Among the cephalopods, octopus is one of the major species but it is least exploited in India. There are about 38 species of octopus recorded from Indian seas. The commonly occurring species are Octopus dollfusi, O. membranaceus, O. globosus, O. aegina and Cistopus indicus. The consumption of octopus is not so popular in India; therefore they are exported to countries like Thailand, China, USA, Greece, Taiwan, Vietnam, Germany, UK and Japan in frozen forms. They are also marketed in a variety of value added forms such as chilled, dried and canned products as well as readymade meals.

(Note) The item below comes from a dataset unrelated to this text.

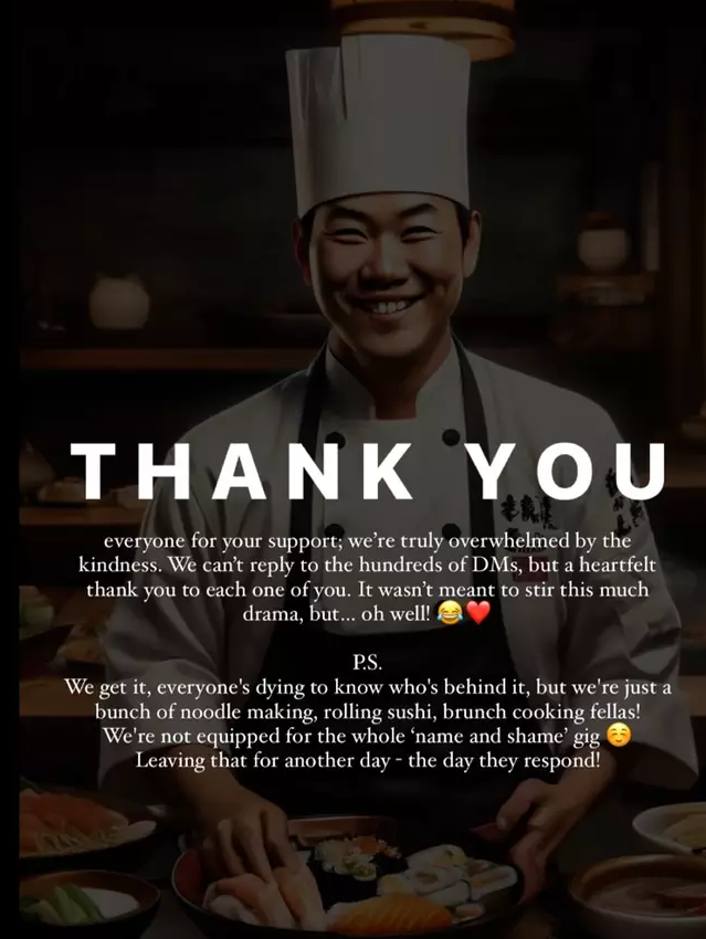 As the dust settles on this amusing encounter, Lucky Ramen & Sushi has gained not just a few laughs but also a wave of support from those who appreciate its stance.

Cephalopods undergo very rapid spoilage due to the action of endogenous and bacterial enzymes on protein. Protease plays an important role in the breakdown of protein and its activity is higher than in various species of fish (Hurtado et al. 1999). The major quality indices used to assess freshness or spoilage of fish viz K value, TVBN, pH and polyamines (except agmatine) are not suitable quality indices for cephalopods as some of the pathways of formation of spoilage products are different (Ohashi et al. 1991).

There has been a greater focus on the freshness assessment, quality assurance and marketing of finfish and crustaceans than cephalopods. Among the cephalopods, studies are mainly focused on squid and cuttlefish; and there are only a very few reports on the iced storage of octopus (Vaz Pires and Barbosa 2004; Lougovois et al. 2008). Studies have been carried out on the chilled storage of pressurized octopus (Hurtado et al. 2001) and vacuum packaging as well as addition of oregano essential oil on the shelf life of octopus (Atrea et al. 2009).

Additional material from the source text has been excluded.